▸ **Data below**:
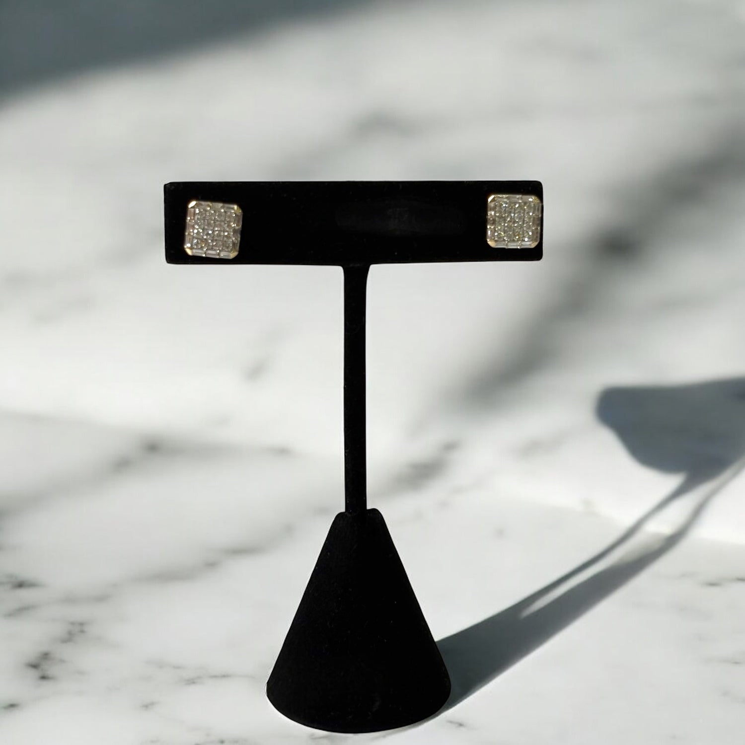 14K Yellow Gold Diamond Square Stud Earrings 0.95Ct / 3.1gr
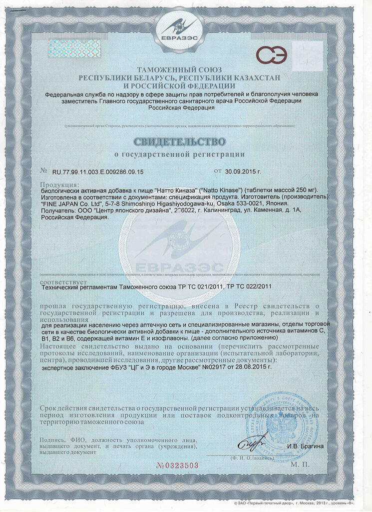 Документы Fine Натто Киназа таблетки массой 240 шт
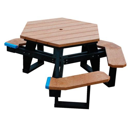 Vestil, PT-PHX-3944-BKCD-ADA, PT-PHX-3944 Cedar & Black Hexagon ADA Compl Picnic Table
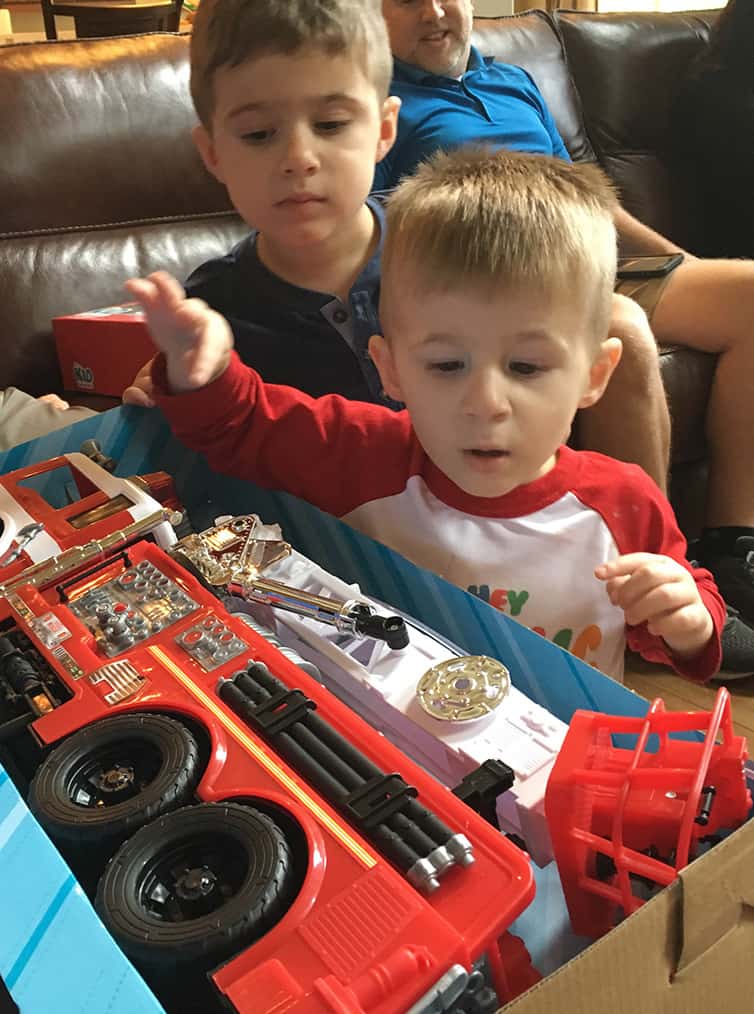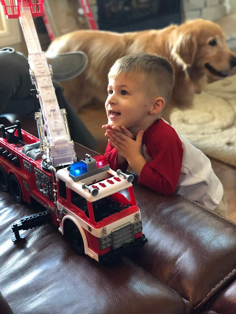 Such total joy on his face as he looks at his new firetruck. ;-)

▸ **Your goal**:
Output the material verbatim, skipping the images.

▸ **Written solution**:
 14K Yellow Gold Diamond Square Stud Earrings 0.95Ct / 3.1gr
 Документы Fine Натто Киназа таблетки массой 240 шт
 Vestil, PT-PHX-3944-BKCD-ADA, PT-PHX-3944 Cedar & Black Hexagon ADA Compl Picnic Table
 Such total joy on his face as he looks at his new firetruck. ;-)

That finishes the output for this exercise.